Calculating information gain is important of this step.
So what is information gain is that if we look at each group within the decision rule.
The group is pure when all of its record belong to the same class.
Here we use Gini impurity to measure how pure the current node is. When the group
is pure Gini impurity is zero.
When the group is half and half mixed Gini impurity is 0.5 for any decision split, a
parent group is split into 2 child groups.

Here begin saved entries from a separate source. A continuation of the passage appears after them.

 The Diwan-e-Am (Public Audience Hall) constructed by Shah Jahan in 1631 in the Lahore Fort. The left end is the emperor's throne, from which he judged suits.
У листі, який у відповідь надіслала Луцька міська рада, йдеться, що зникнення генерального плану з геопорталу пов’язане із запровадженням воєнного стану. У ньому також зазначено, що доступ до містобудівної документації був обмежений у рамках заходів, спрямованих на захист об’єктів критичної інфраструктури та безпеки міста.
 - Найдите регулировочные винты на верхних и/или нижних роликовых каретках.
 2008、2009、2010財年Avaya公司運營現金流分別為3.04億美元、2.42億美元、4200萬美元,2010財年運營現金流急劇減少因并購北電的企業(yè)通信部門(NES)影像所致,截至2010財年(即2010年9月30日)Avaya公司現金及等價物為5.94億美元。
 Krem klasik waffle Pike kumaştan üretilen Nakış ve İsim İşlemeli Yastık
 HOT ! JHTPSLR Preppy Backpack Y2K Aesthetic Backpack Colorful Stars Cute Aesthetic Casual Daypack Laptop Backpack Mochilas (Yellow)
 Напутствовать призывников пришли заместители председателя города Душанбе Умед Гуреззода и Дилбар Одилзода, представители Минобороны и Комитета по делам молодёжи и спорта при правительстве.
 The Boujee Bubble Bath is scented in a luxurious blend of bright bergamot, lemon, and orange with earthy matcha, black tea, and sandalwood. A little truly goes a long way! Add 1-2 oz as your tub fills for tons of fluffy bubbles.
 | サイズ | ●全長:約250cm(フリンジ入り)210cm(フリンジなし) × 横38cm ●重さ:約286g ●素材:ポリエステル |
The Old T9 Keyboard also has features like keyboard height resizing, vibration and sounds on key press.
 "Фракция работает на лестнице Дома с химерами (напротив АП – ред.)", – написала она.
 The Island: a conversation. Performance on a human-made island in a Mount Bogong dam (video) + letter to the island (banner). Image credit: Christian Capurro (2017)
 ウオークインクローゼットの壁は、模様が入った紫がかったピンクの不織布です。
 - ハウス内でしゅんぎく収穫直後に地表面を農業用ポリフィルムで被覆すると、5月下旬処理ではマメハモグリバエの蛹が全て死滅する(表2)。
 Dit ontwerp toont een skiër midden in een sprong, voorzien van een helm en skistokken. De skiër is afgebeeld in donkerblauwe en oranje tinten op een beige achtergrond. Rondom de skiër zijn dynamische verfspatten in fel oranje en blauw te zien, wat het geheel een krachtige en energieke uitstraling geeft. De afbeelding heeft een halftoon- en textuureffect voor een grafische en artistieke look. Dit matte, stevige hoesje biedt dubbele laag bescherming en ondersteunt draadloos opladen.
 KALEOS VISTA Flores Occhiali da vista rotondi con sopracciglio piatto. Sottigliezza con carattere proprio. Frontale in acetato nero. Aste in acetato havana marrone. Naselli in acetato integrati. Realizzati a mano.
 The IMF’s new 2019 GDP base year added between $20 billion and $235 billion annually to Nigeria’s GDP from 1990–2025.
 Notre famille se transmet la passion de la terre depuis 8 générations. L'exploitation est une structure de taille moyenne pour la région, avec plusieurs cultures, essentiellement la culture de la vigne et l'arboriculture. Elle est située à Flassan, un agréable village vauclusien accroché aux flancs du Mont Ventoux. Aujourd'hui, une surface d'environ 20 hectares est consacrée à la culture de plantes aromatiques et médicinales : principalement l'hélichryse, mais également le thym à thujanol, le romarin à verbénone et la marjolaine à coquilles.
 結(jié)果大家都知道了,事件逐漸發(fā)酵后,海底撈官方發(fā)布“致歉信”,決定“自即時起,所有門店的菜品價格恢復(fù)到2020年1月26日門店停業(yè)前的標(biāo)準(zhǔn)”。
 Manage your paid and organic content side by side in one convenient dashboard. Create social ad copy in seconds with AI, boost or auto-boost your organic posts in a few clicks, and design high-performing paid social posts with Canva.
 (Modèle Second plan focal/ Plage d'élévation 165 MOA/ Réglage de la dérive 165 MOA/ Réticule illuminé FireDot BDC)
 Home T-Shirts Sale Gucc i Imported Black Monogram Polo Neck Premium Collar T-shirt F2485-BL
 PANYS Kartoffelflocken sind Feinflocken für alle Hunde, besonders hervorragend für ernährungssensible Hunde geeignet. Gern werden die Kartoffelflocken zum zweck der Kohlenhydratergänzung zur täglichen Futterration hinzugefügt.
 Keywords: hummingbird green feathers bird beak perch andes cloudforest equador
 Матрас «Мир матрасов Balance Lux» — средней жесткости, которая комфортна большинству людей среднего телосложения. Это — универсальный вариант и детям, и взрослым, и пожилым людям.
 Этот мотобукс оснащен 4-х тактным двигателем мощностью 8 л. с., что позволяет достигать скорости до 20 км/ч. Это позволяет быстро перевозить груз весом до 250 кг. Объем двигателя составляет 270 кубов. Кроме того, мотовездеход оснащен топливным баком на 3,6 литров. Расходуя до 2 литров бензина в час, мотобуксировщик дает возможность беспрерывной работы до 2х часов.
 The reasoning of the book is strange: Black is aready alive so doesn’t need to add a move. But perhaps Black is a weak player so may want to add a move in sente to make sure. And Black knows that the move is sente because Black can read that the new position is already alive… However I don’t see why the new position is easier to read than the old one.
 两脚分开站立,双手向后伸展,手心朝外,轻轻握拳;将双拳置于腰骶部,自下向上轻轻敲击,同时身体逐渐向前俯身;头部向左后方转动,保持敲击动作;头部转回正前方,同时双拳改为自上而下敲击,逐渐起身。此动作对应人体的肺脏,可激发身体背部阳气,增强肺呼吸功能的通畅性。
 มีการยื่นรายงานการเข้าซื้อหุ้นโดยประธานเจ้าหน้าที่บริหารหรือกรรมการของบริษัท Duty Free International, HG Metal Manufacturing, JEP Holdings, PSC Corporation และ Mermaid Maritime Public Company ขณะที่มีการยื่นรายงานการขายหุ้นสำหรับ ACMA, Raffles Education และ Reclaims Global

The information gain of this split is the impurity of the parent group minus weighted
average impurity of the child group. Once we calculate the information gain of each
splitted decision rule, we can now select which has the largest information gain to
split the current node. Then we can split the child node recursively and only consider
the decision rule never selected before in the current branch. We stop splitting if there
are no decision rules left of the group impurity is zero. Sometime pruning and early
stop condition are used to prevent a large number of splits and over fitting.
Now the decision tree can predict the probability of each class at the ratio of each
class in the node. In this case for the record, for size greater or equal to 2 and colour is
yellow. There's a 50% chance the class record is a circle.
Hence this is a small example of how to construct the decision tree from data.